Ein dritter Zyklus der Ausstellung zeigt die Architekturen der Tana Toraja in Sulawesi mit ihren ausladenden Dächern. Im Zentrum der Fotografien steht der Reisspeicher, der Lumbung, in seiner originären Bedeutung als Ort der Gemeinschaft. Die Documenta Fifteen übersetzt seine Geschichte in Strukturen des contemporary networking. Der Lumbung als kollektiver Platz des Teilens, der politischen und kulturellen Debatte.

Die erstmals veröffentlichte Werkgruppe der Bugis Houses in Celebes bildet den vierten Zyklus. Sie waren Behausung der Reisbauern und Schutz vor der natürlichen wie auch der übernatürlichen Welt. Jedes Haus war dem menschlichen Körper nachempfunden und beinhaltete drei Welten. Der Bugis-Ursprungsmythos, der sich nicht auf ein konkretes Königreich beschränkt, findet sich am Anfang der längsten bekannten Epen der Weltliteratur. Die Publikation von Mack Books nimmt Bezug dazu und begleitet die Ausstellungspremiere.

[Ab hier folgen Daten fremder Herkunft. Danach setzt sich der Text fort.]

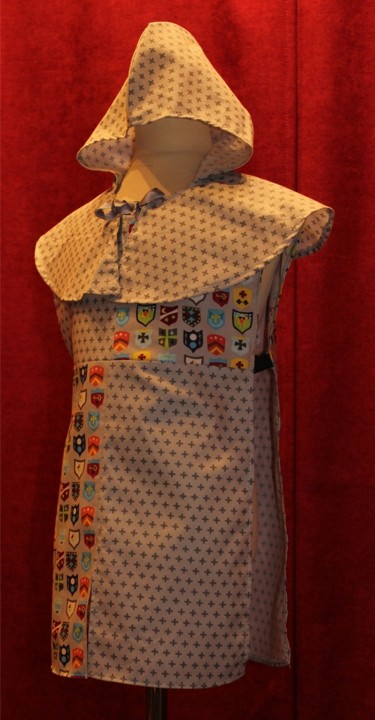 Costume original de petit chevalier composé d’une tunique sans manches en tissu imprimé de blasons colorés et motifs héraldiques, accompagnée d’une grande collerette et d’une capuche à pointe assortie. Disponible en tailles : 3/4 ans, 6 ans, 8 ans, 10 ans.

Zum fünften Zyklus ist ein Aedes Katalog entstanden. Der Weg der Fotografin führt von Sanaa nach Mar’ib im Jemen. „Das ganze Land ein System von Zeichen“ schreibt Peter Kammerer im Katalog, dem die DVD eines Gesprächs im British Museum über frühe Kulturen im Jemen, Schrift, Empire, Archive, Forschung und europäisches Sammeln beiliegt.